The Boy with Two Heads
Published: June 2013 - paperback published May 2015)
NOTE: if you’re looking for the football-match, scroll to the bottom…
‘2Heads is the first of a two-book deal after ‘Trash’,’ says Andy. ‘David Fickling is the publisher, and his team has a quite unique ability to stretch and encourage, so it’s taken a while to get it perfect. I’m very excited to see it taking its first steps in the big wide world…’
So what’s about it about? Does some poor soul really have two heads?
‘Yes. The opening line is stolen straight from Kafka’s ‘Metamorphosis’. Instead of Gregor and his cockroach, we meet Richard Westlake, who awakes “after a night of unquiet dreams, to discover a lump in his throat”. The lump grows fast, and the boy finds he has a very different twin perched on his shoulder. Except it’s no parasite or homunculus – it’s Richard, too. Hostile, destructive, witty, demanding…racist, irreverent and achingly lost – the new head, christened ‘Rikki’, tears up every certainty Richard ever had.’
What are the critics saying?
The Daily Mail has called it 'an extraordinary examination of grief. A highly original, emotionally-charged black comedy / thriller' while The Daily Telegraph remarks that it's 'Mulligan's genius as a writer to weave such complex questions into what is ostensibly an oddball comedy thriller'. The Times calls the book 'a satirical horror novel by one of our boldest authors...' and The Booktrust describes it as 'an unusual blend of fantasy, horror, comedy, school story and thriller...complex and absorbing, using its extraordinary premise to explore bereavement, friendship, fear, and the relationship between parents and children, it is both intriguing and addictive.'
So it’s horror, or fantasy…or what?
‘It’s reality, I think. It’s set in a very real school, based on the one I went to, full of very ordinary kids. There’s a metaphor there too, of course – we’re all visited by demons from time to time, and we all repress and self-censor. Rikki’s the monster that we’d all like to be from time to time – he’s daringly outspoken, asking terrible questions. It’s about that dark place we get trapped in now and then, when security is stripped away. When something happens that makes you wonder if life is worth living. I don’t want to give too much away, but there’s a little bit of homage in this book to a hero of mine, the tortured playwright Dennis Potter. He’d tell a story about how he’d look up from his hospital bed. ‘Don’t worry,’ the nurse would say. ‘Everything’s going to be all right.’ ‘And of course I knew she was lying,’ he’d say.

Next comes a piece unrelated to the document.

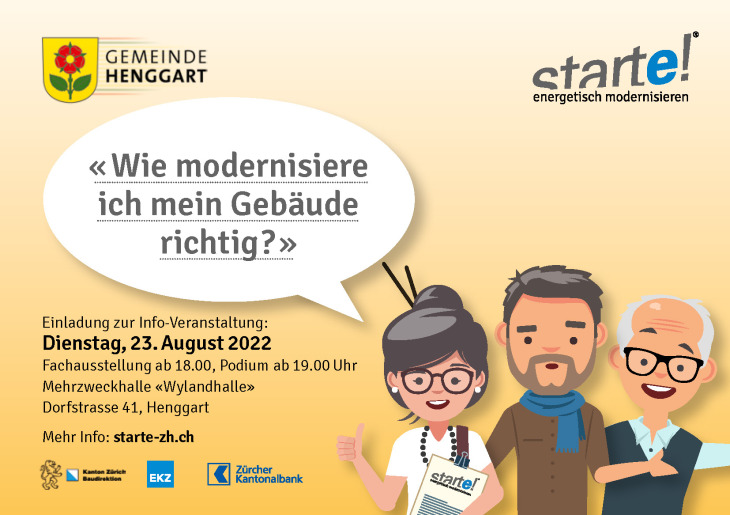 Wie modernisiere ich mein Gebäude richtig? Um diese Frage geht es an der starte! Veranstaltung am 23. August 2022. Starten Sie gemeinsam mit uns in eine energieffiziente Zukunft. Wie das geht? Wir zeigen es Ihnen. Egal, ob Sie Ihre Heizung sanieren müssen, die Fassade eine Modernisierung benötigt oder Sie Sonnenenergie nutzen möchten: Mit den Fachvorträgen des kantonalen starte!-Teams finden Sie vor Ort die richtige Lösung. Hoval steht den ganzen Abend für Fragen und Beratungen zur Verfügung - kostenlos und individuell für Sie, damit Hauseigentümer zukünftig richtig sanieren und Kosten sparen können!

So it’s a bleak book? Full of despair?
‘Absolutely not. There’s despair in it, and maybe more pain than in ‘Ribblestrop’ or ‘Trash’. But who’d write a children’s book ending in destruction? Richard and Rikki go on the most extraordinary journey, and they learn so much about friendship and survival. It’s metamorphosis and it’s growth, and I think it’s the most optimistic book I’ve written.’